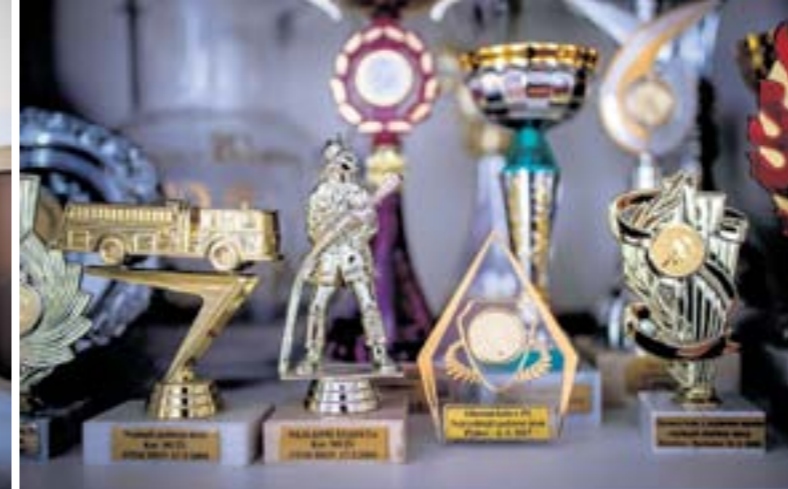
TROFEJE. Hasiči z Velvar jich za uplynulá desetiletí získali při soutěžích nepřeborně.
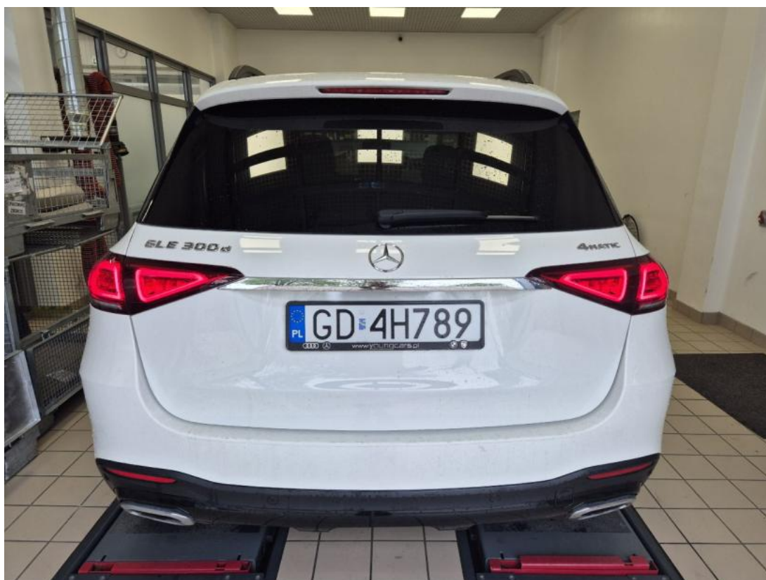
Fot. 8 Tyt
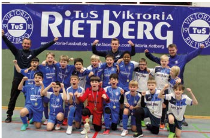
Die U11-Kicker des TuS Viktoria Rietberg erzielten im Turnierver- lauf drei Tore.
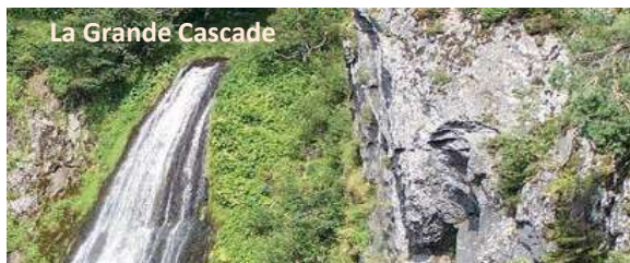
La Grande Cascade
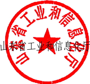
山东省工业和信息化厅
- - -
◆ EXERCISE OBJECTIVE ◆
Give the preceding data back exactly, minus every picture.

◆ WRITTEN ANSWER ◆
TROFEJE. Hasiči z Velvar jich za uplynulá desetiletí získali při soutěžích nepřeborně.
Fot. 8 Tyt
Die U11-Kicker des TuS Viktoria Rietberg erzielten im Turnierver- lauf drei Tore.
La Grande Cascade
山东省工业和信息化厅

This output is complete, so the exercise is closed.